Erstellt am: 29. 6. 2014 - 16:58 Uhr
Erfreuliche Begegnungen mit der Vergangenheit
Ein schwieriges Unterfangen, ein Drahtseil-Akt, der recht schnell in der Humor-Kiste hätte enden können. Die großartige Róisín Murphy hat Ende Mai eine gemeinsam mit ihrem Ehemann Sebastiano Properzi produzierte EP veröffentlicht, die aber glücklicherweise nicht an einer allfälligen Melkung eines, haha, Trash-Appeals interessiert ist.
Auf der EP namens "Mi Senti" huldigen Murphy und Properzi geschmack- und würdevoll dem großen Phantom "Italo-Disco". Fünf italienische Klassiker aus den 60ern und 70ern haben sie in ein modernes Kostümchen gekleidet, einen neuen, in Wahlverwandtschaft zu Glitzerkugel und Liebelei stehenden Song haben sie selbst geschrieben. Ein Highlight der EP ist der Song "In sintesi" – die Originalkomposition von Murphy und Properzi. Nicht ganz unwahrscheinlich, dass die die darin besungene Synthese die bestens geglückte Zusammenarbeit und Verschmelzung der beiden meint.

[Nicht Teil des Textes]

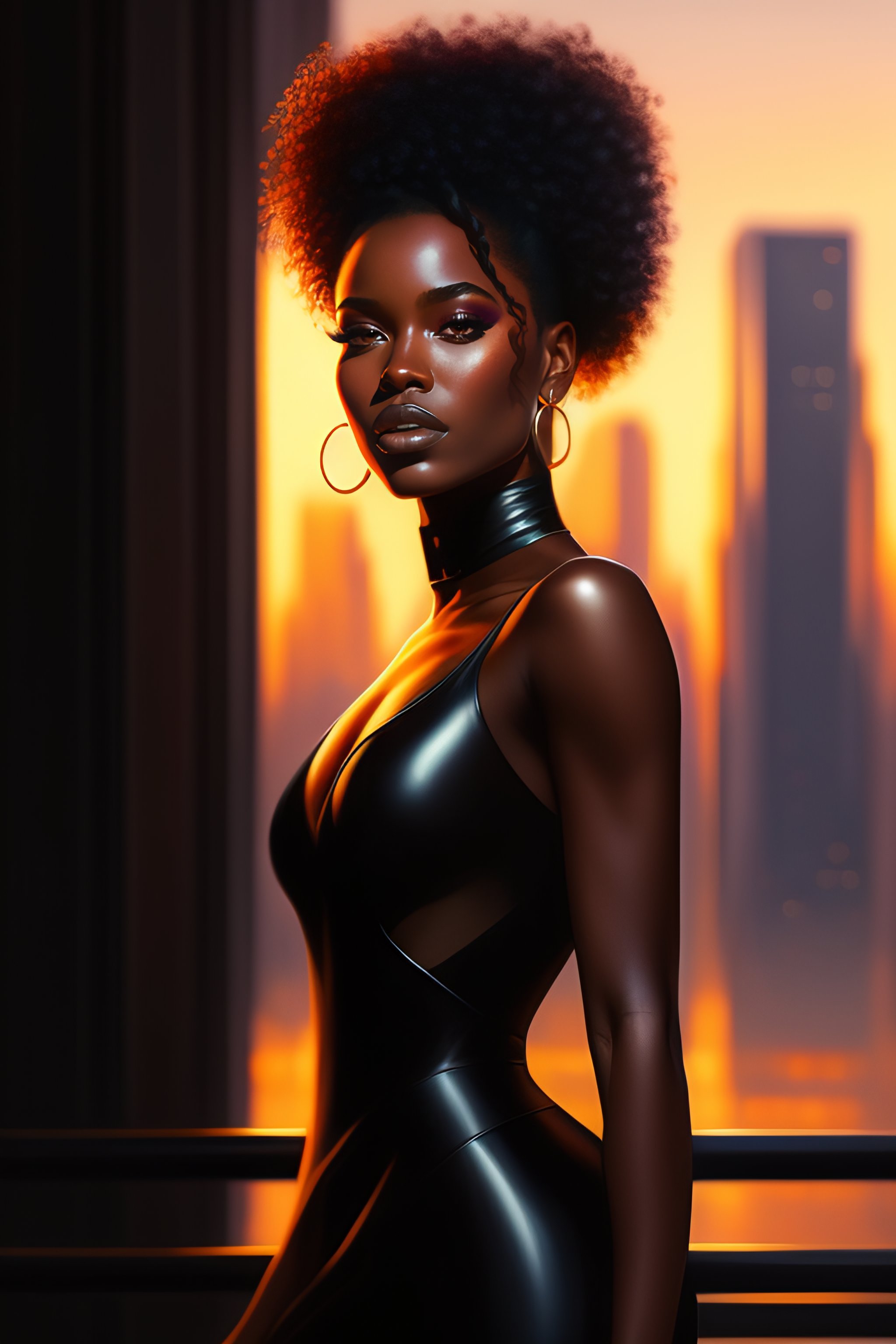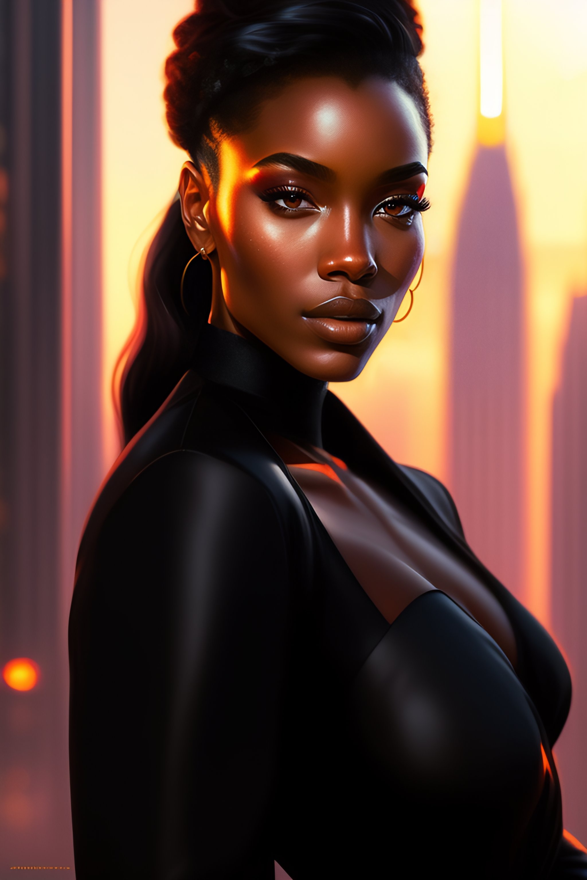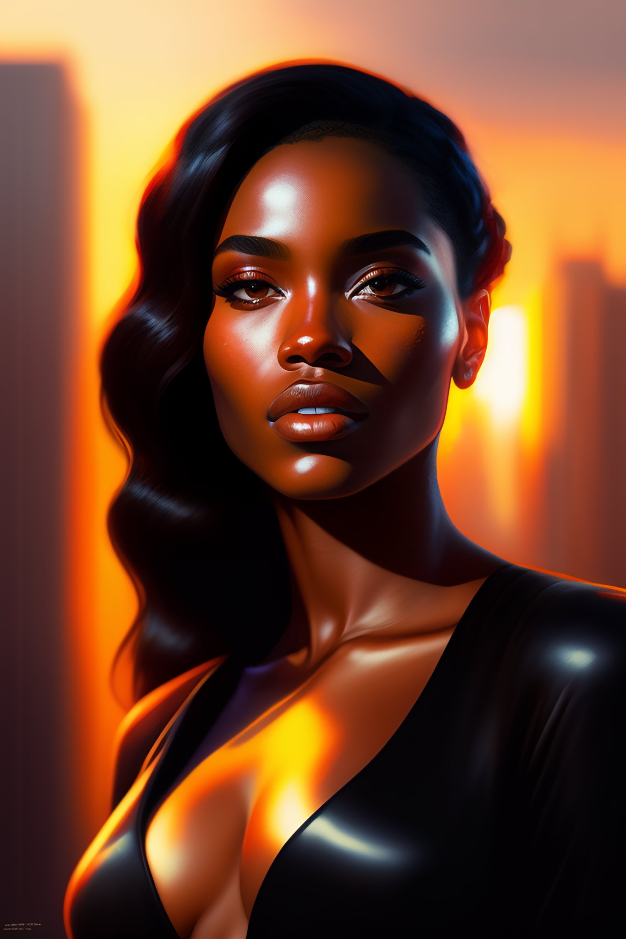 A closeup beautiful full body portrait of young black woman, dramatic light, city background, sunset, high contrast, sharp, painted by stanley lau, painted by greg rutkowski, painted by stanley artgerm, masterpiece, digital art, trending on artstation

Ein unterkühlter Roboter-Funk, der sich überdeutlich vor den ewigen Erfindern Giorgio Moroder und Kraftwerk verneigt. Bei aller zurückhaltender Größe des Songs "In sintesi" – und selbst wenn Murphy und Properzi den Drang verspürt haben dürften, die eigene Nummer dann eben vielleicht doch den kleinen Tick besser zu machen als die Coverversionen – so ist das Prunkstück der EP doch ein anderer: Die Neudeutung von "Ancora tu" – im Original aus dem Jahr 1976, geschrieben und interpretiert von Lucio Battisti. Kennt in Italien jeder, wie man so hört.
Wie die gesamte EP für Menschen aus Italien oder solche mit mehr als gerade einmal rudimentären Kenntnissen der italienischen Sprache klarerweise nicht ohne Vorbehalte zu hören ist. Eventuell klingt das alles in Wirklichkeit ganz furchtbar. Für die meisten anderen sind diese Lieder zunächst weitestgehend von ihren ursprünglichen Kontexten befreit und man darf sich zu ihnen, wie damals bei "Bello e impossibile" und "Se bastasse una canzone" und noch viel früher vor damals auch zu englischen Songs, in einer freien Fantasie-Sprache selbst ausdrücken. Vielleicht heute nicht mehr ganz so frei.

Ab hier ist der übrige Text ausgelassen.